Now, I've fixed plenty of systems at my house from home users/customers with AV2010 and trojan variants though. These users don't have SEP, but use the normal range of AVG, McAfee, Kaspersky home products. (Anyone using a "free" version of these is just asking for it! -ed). Make sure you have the latest version of SEP mounted - 11.0.5 and keep checking the website for Maint Relses. One of the drawbacks here is that new relses have to manually installed un our "unmanaged" environment. There is some "down and dirtly" way to "script" perform the upgrades over the network but I haven't had time to sit down figure all that out.

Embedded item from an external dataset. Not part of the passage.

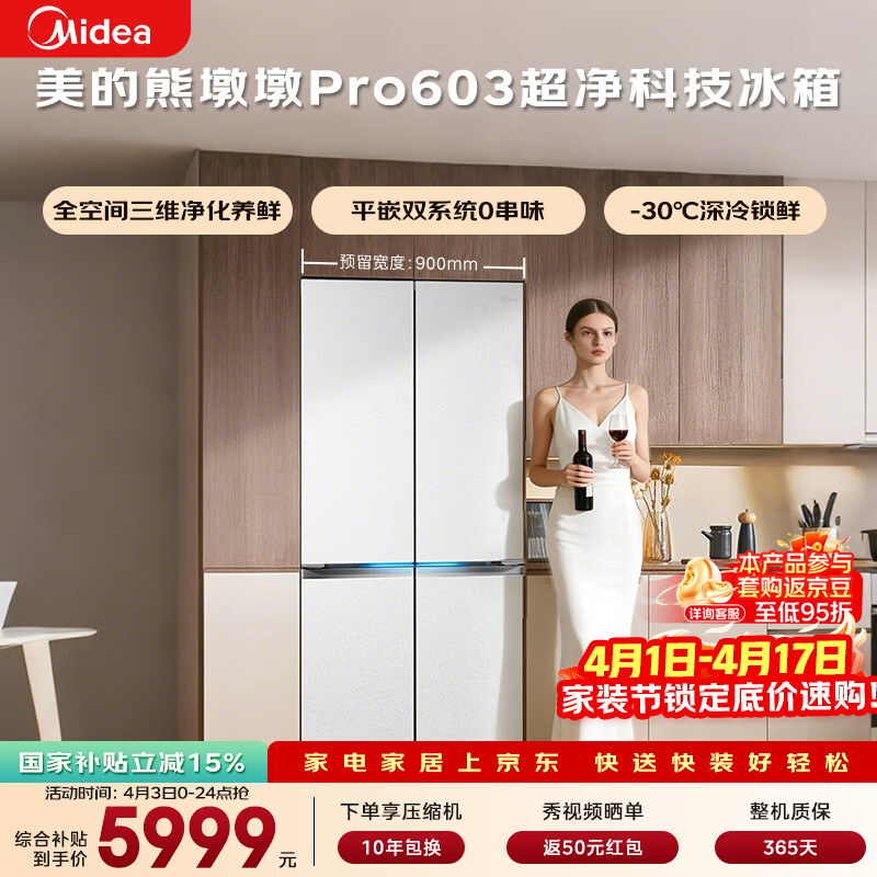 美的(Midea)熊墩墩603L十字门冰箱超薄零嵌入式双系统超大容量一级能效以旧换新白色BCD-603WUSPZM(E)国家补贴

So, all I can say is, thanks for the feedback and so far so good...

H


Oh man, tons of 'em. I think the most recent was the AntispywareXP 2010 rogue anti-malware product. SEP didn't touch it. It hijacked IE, DNS, had popups from the system tray, disabled all the fun stuff like regedit and control panel, wouldn't let me install any commercial anti-spyware products by deleting their executables and dll's, forced the endpoint client to disable, etc.

ComboFix (if you know how to use it correctly) still cleaned it up, but endpoint didn't touch it.

edit: got another one today. Antivirus Live 2010
this one didn't stay resident in safe mode, so it was an easy clean.. but endpoint still didn't stop it.